A balance sheet is among essential financial statement that states the current position of the company. Information to construct a balance sheet just like an income statement is accessed from company ledger.
Factors to consider
Therefore, to make a balance sheet consider the following;
Acquiring financial data and balance sheet layout
Get the financial transactions from a ledger and classifying them into assets, liabilities, and owners’ equity. With assets representing all goods and services, a company owns and liability representing the debts. Importantly, in balance sheets, the total assets should equal the total liabilities and following accounting equation Assets= Liabilities +Owner’ Equity.
Choose a specific period
Balance sheets are usually created for a specific period of the year to showcase the company liabilities and assets. Therefore, chose a date your balance sheet is going to cover this can be quarterly period and more.
Design and Format of your balance sheet
At the top of your balance sheet should be a header labeled” Balance sheet, “then the name of the organization should follow and date on which your balance sheet applies.
Commence with Assets section
All assets should be listed, and they should be indexed relative to them being quickly turned into cash. Therefore, current assets will begin since they can be converted easily within a short period. The non-current asset will follow next and usually consists of the business firm value of property, plant, and equipment. Intangible assets like patents and licenses will also be part of the non-current assets. Finally, add all your assets and record them next to the title Total assets.

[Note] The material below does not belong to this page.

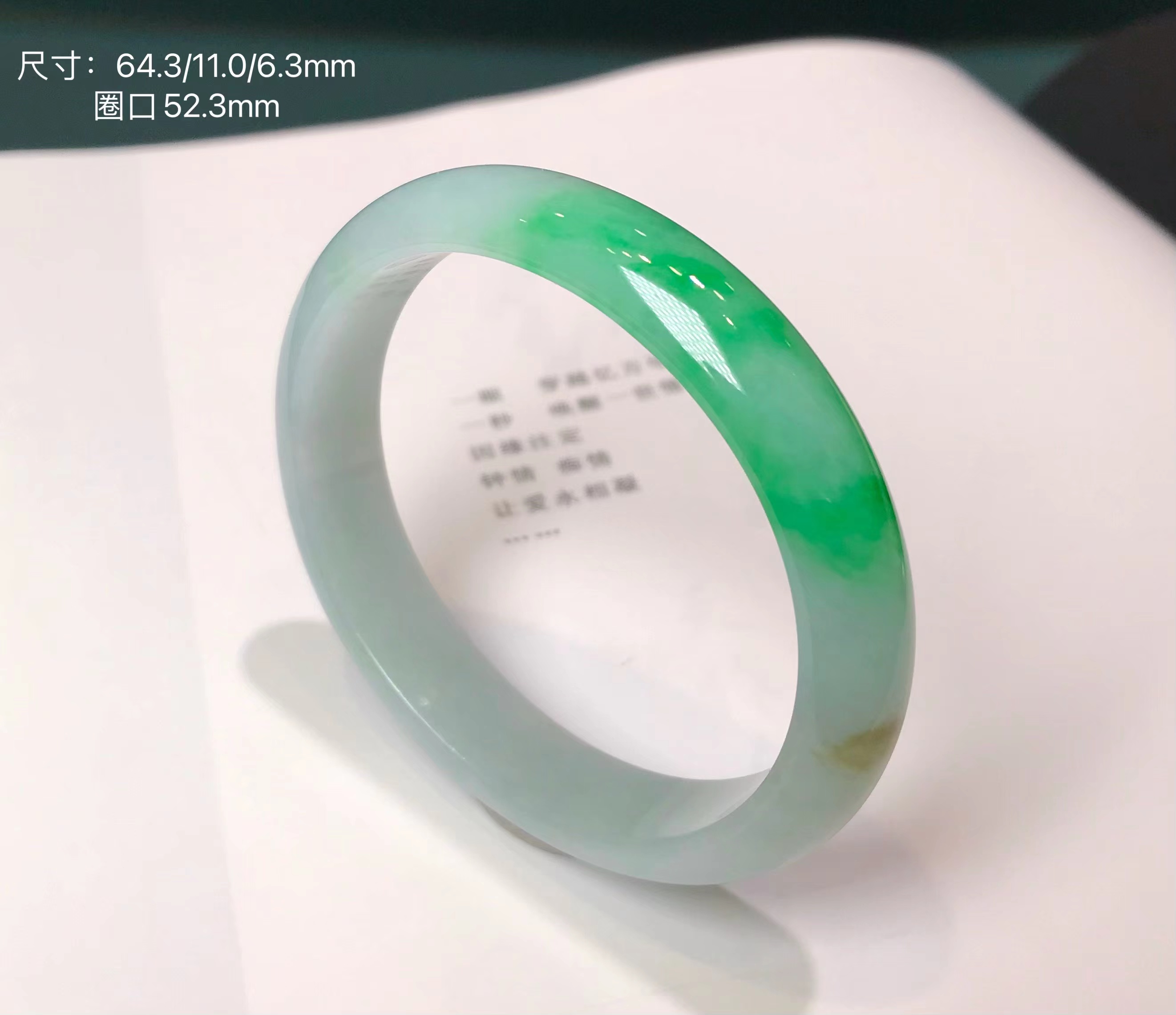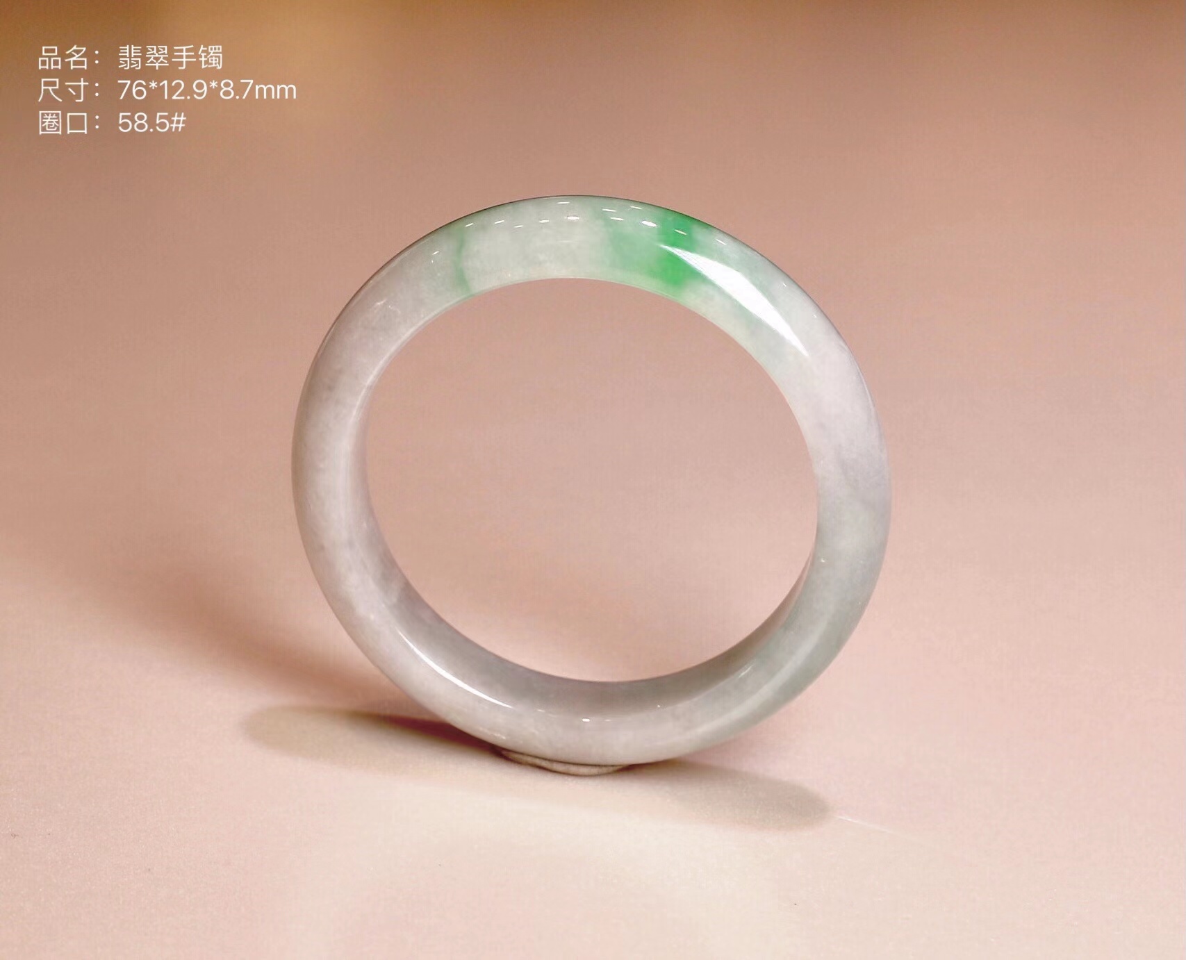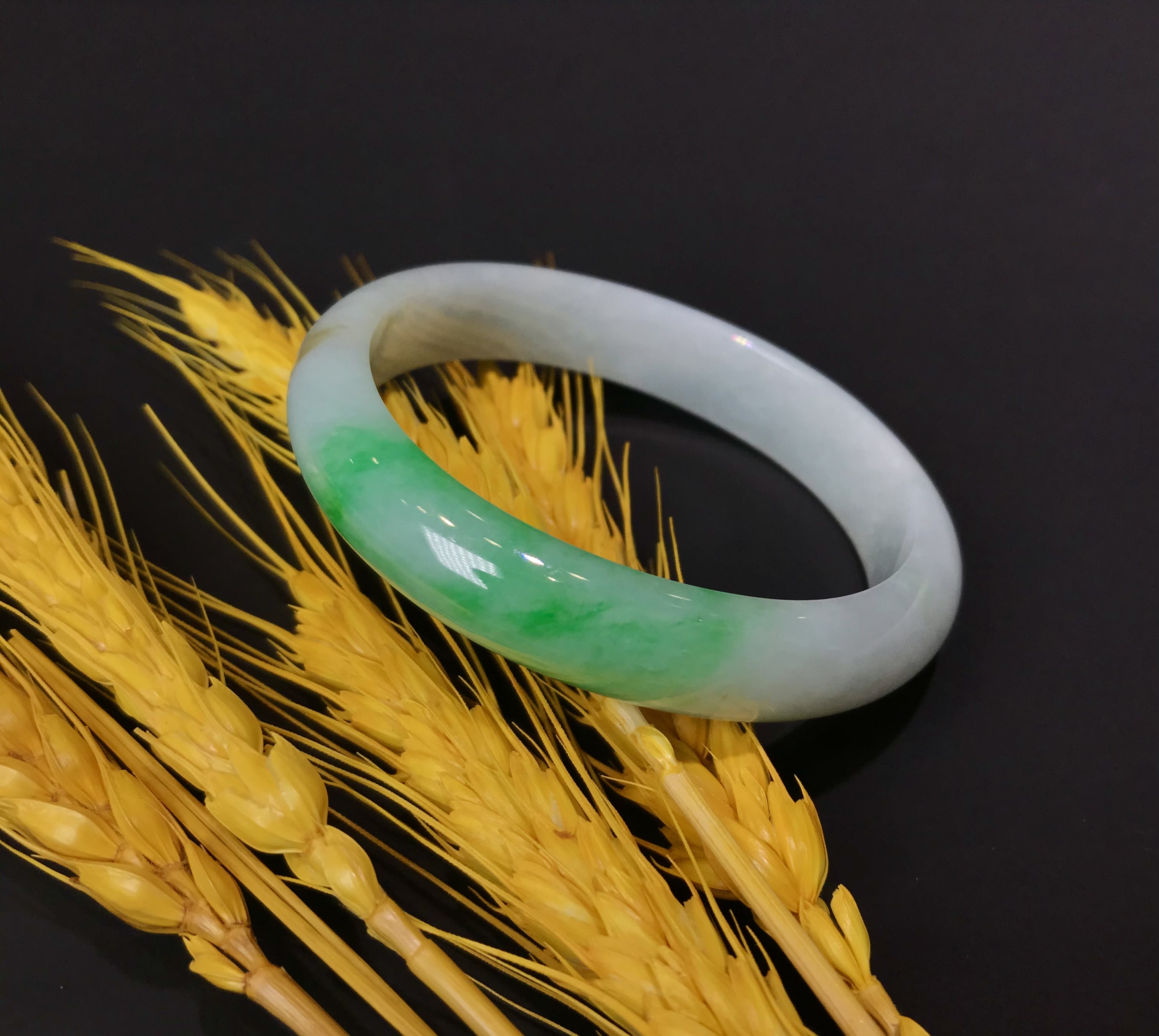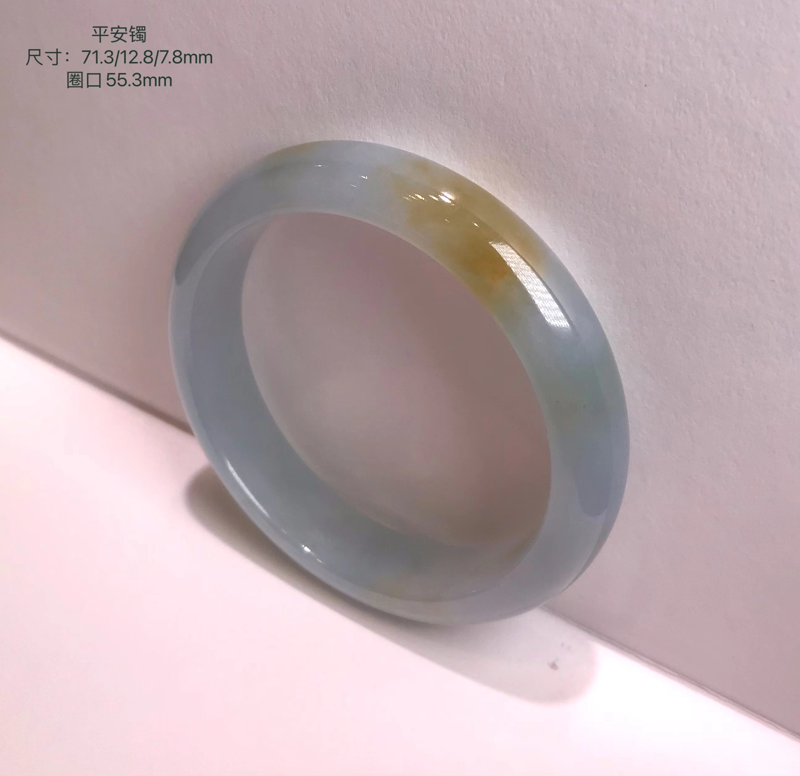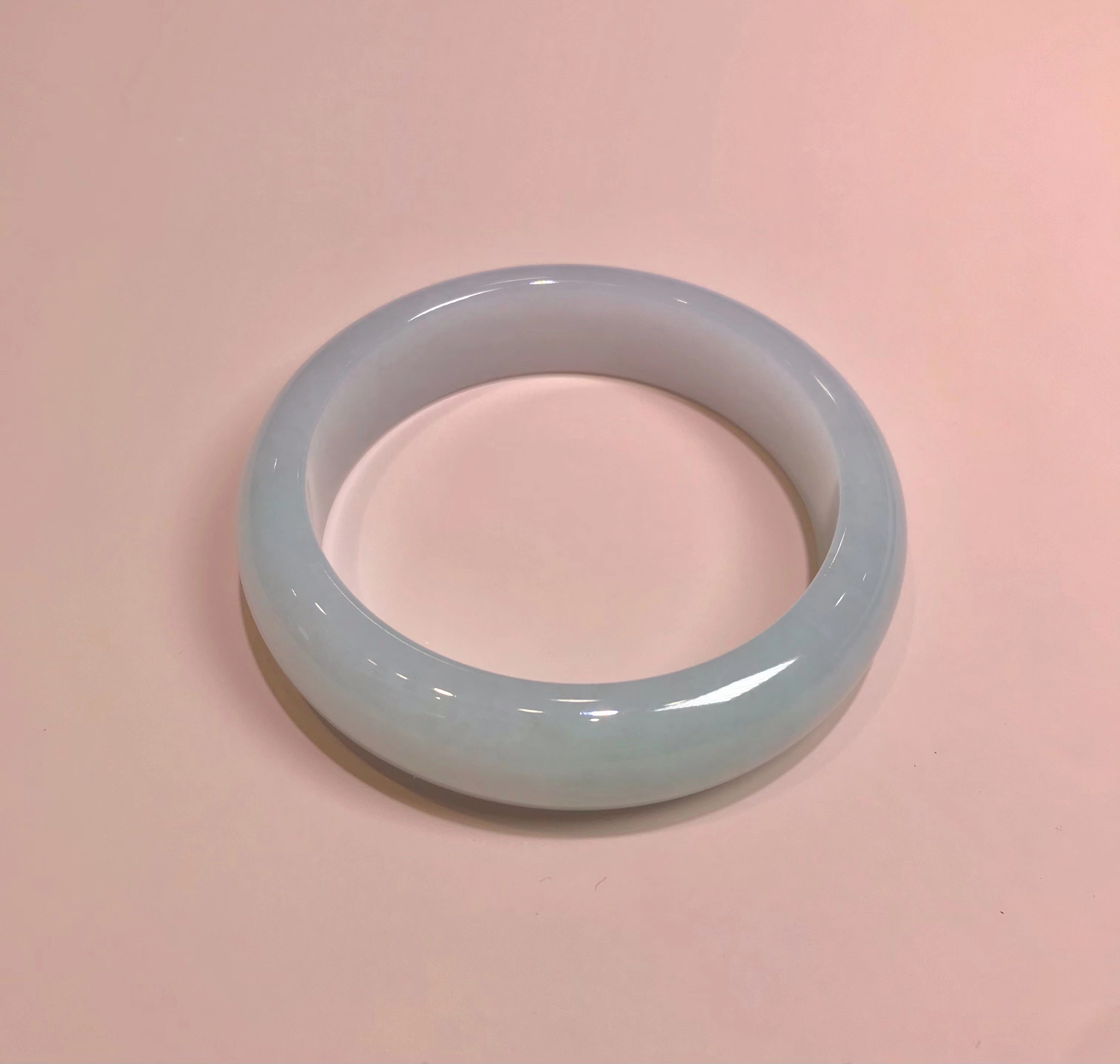 这件手镯不仅玉质通透水润有光泽,而且形状圆润,厚实,条幅较宽。是大圈口客户的福利。

Preparing the liabilities section
Begin with current liabilities, which are usually due within one year of the balance sheet, then calculate the long-term liabilities, which are debts that are unlikely to be settled within a year. Add your current liabilities with long term liabilities, and the total should be labeled as Total liabilities.
Calculating the Owner’s Equity
On calculating retained earnings, it’s advisable to begin with finding the ending balance of retained earnings from the previous period, add net income deduct dividends paid to investors the results will be retained earnings. To calculate the owner’s equity, accumulate all the contributed earnings, and retained earnings. Finally, to complete the section, add all the total liabilities and total owner’s equity. The total assets should be equal to total liabilities and full owners’ equity for the balance sheet to be deemed as the well prepared.
A balance sheet can be made using MS Excel’s built-in presets. For the separate fields for assets versus liabilities and equities and use summing function, to sum up, the totals in each area.
The total assets in your balance sheet should match the total assets in the company ledger.